You can also use your custom loss. It can be useful if you want to initialize a loss with custom parameters. You also can pass any custom function as a loss. The only limit - it must inherit torch.nn.modules.loss._Loss.

List of available metrics

Supported metrics
Metric	Additional parameters	Reference
accuracy_macro	average=”macro”	Torchmetrics
accuracy_micro	average=”micro”	Torchmetrics
cohen_kappa	None	Torchmetrics
exact_math	None	Torchmetrics
f1_macro	average=”macro”	Torchmetrics
f1_micro	average=”micro”	Torchmetrics
hamming_distance_macro	average=”macro”	Torchmetrics
hamming_distance_micro	average=”micro”	Torchmetrics
jaccard_index_macro	average=”macro”	Torchmetrics
jaccard_index_micro	average=”micro”	Torchmetrics
matthews_correlation_coefficient	None	Torchmetrics
negative_predictive_value_macro	average=”macro”	Torchmetrics
negative_predictive_value_micro	average=”micro”	Torchmetrics
precision_macro	average=”macro”	Torchmetrics
precision_micro	average=”micro”	Torchmetrics
recall_macro	average=”macro”	Torchmetrics
recall_micro	average=”micro”	Torchmetrics
dice_score_macro	average=”macro”	Torchmetrics
dice_score_micro	average=”micro”	Torchmetrics
generalized_dice_score	None	Torchmetrics
mean_iou	None	Torchmetrics

For most of the semantic segmentation metrics micro and macro-averaged versions are available by default.

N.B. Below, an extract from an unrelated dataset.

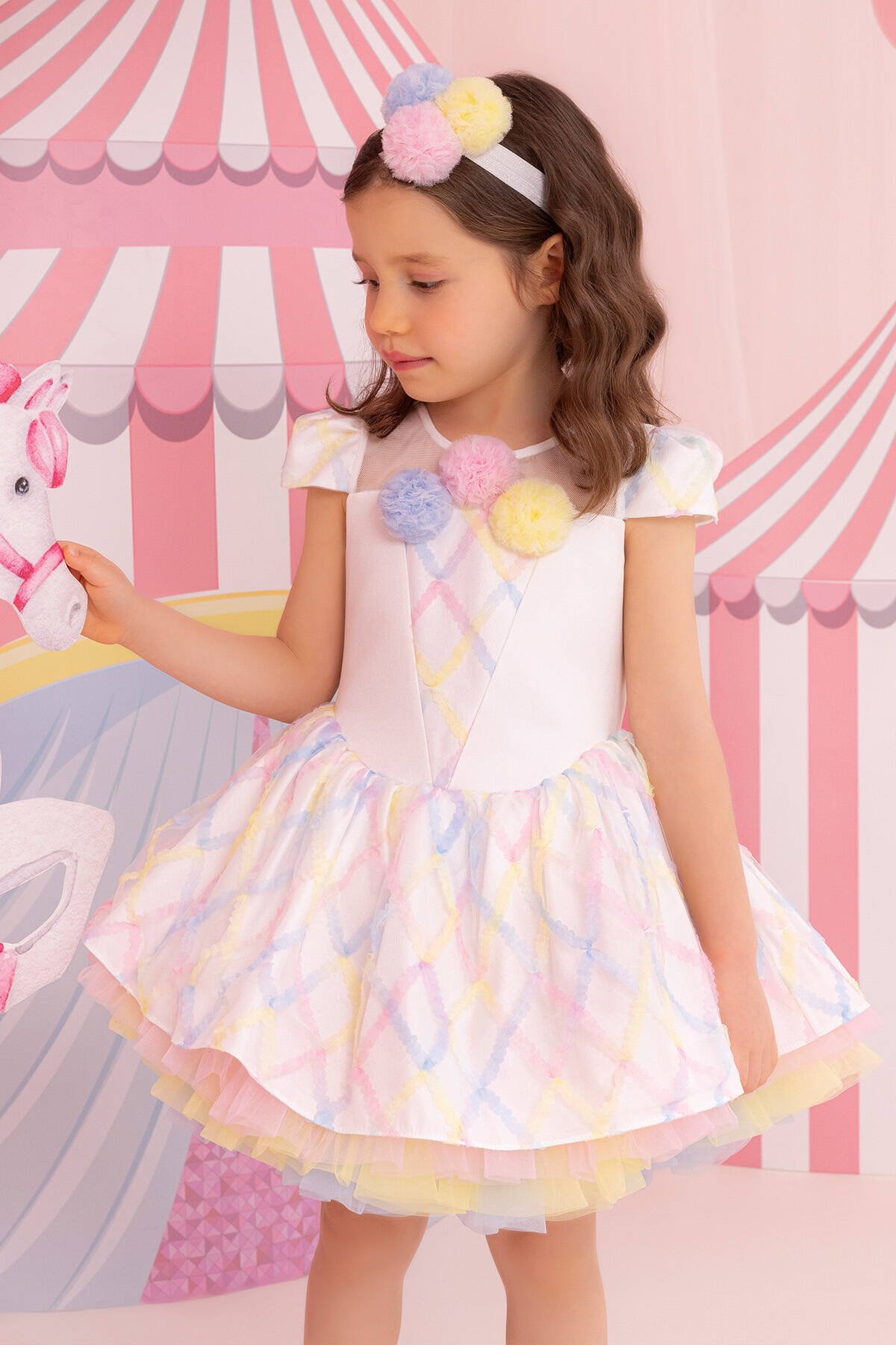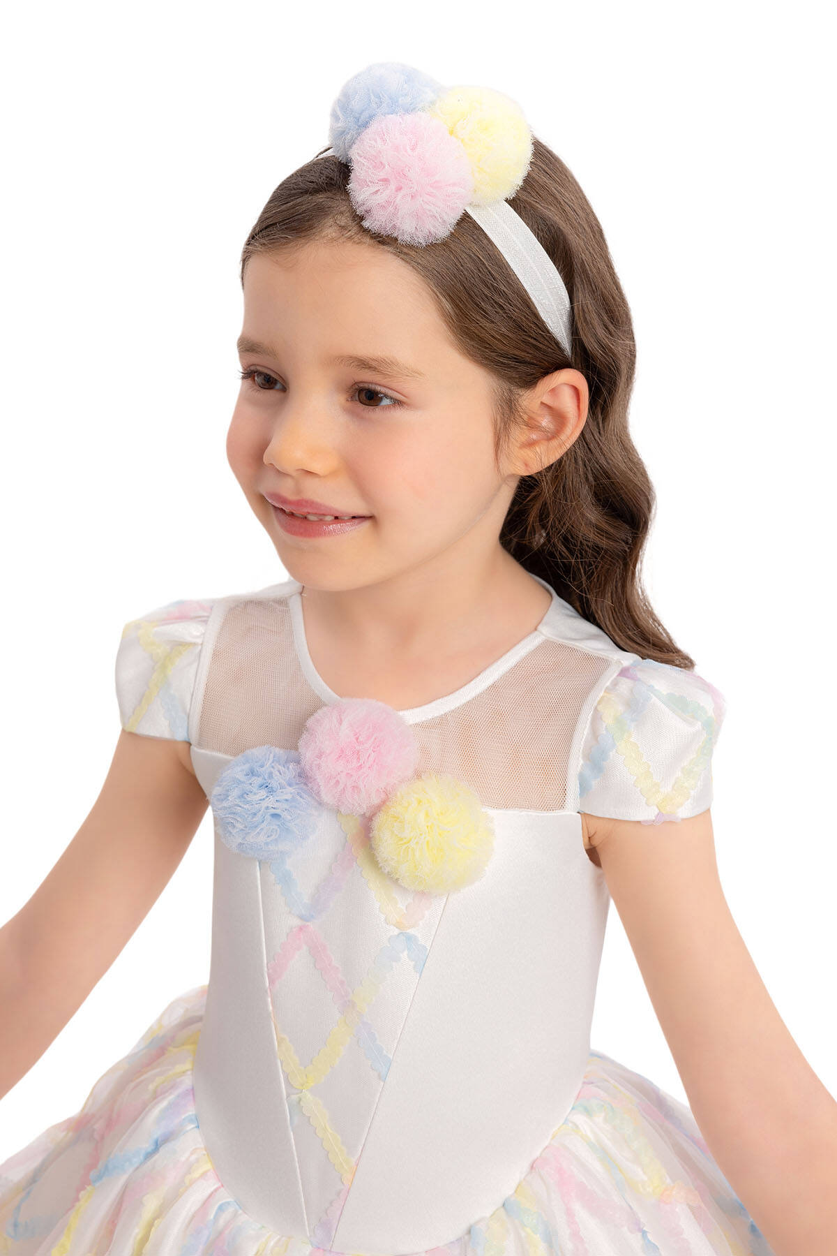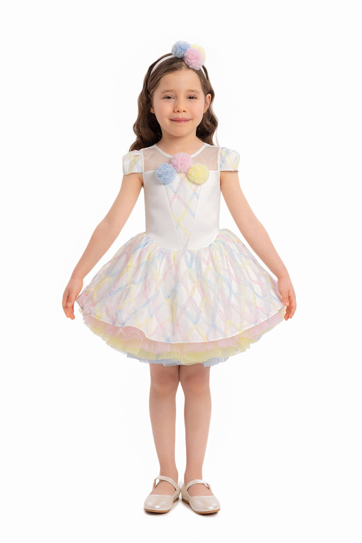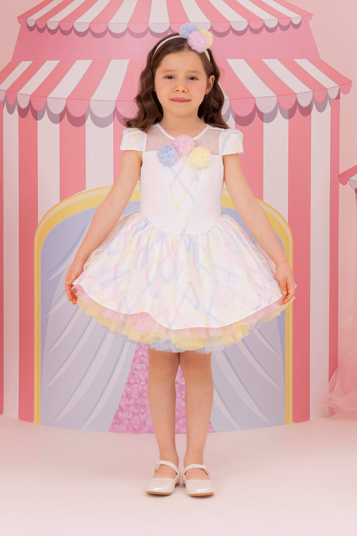Moon-sleeved girl's dress with a glamorous design featuring a tulle detail on the neckline. The large and Colorful ice cream detail on the bodice will be very appealing to girls. The top of the ice cream girl's dress is checkered, while the inside is voluminous and eye-catching with Colorful layered tulle. The most Colorful children's dresses of the summer are once again at Pamina this season. The cotton-lined dress is comfortable and healthy for children. The child's bandana, consisting of frilly pompoms, is a favorite among kids. A stylish choice for a birthday dress, party dress, or special occasion dress.

You also can use any custom metric for evaluation. The only limit - it must inherit torchmetrics.metric.Metric.

Supported augmentations

Supported augmentations
Augmentation	Additional parameters	Reference
ScaleJitter	None	Torchvision
RandomResizedCrop	antialias=True	Torchvision
RandomHorizontalFlip	p=0.5	Torchvision
RandomVerticalFlip	p=0.5	Torchvision
RandomZoomOut	None	Torchvision
RandomRotation	degrees=90	Torchvision
RandomAffine	degrees=90, translate=(0.5, 0.5), shear=0.5	Torchvision
RandomPerspective	None	Torchvision
ElasticTransform	None	Torchvision
GaussianBlur	kernel_size=(5, 9)	Torchvision

If you just pass augment=True, RSP will use a default sequence of augmentations: (“RandomResizedCrop”, “RandomHorizontalFlip”). You can pass your own sequence of augmentations, they will be applied to data in the given order. You can use both supported augmentation names or custom augmentations. You can use any custom augmentations, but they must inherit torchvision.transforms.v2.Transform.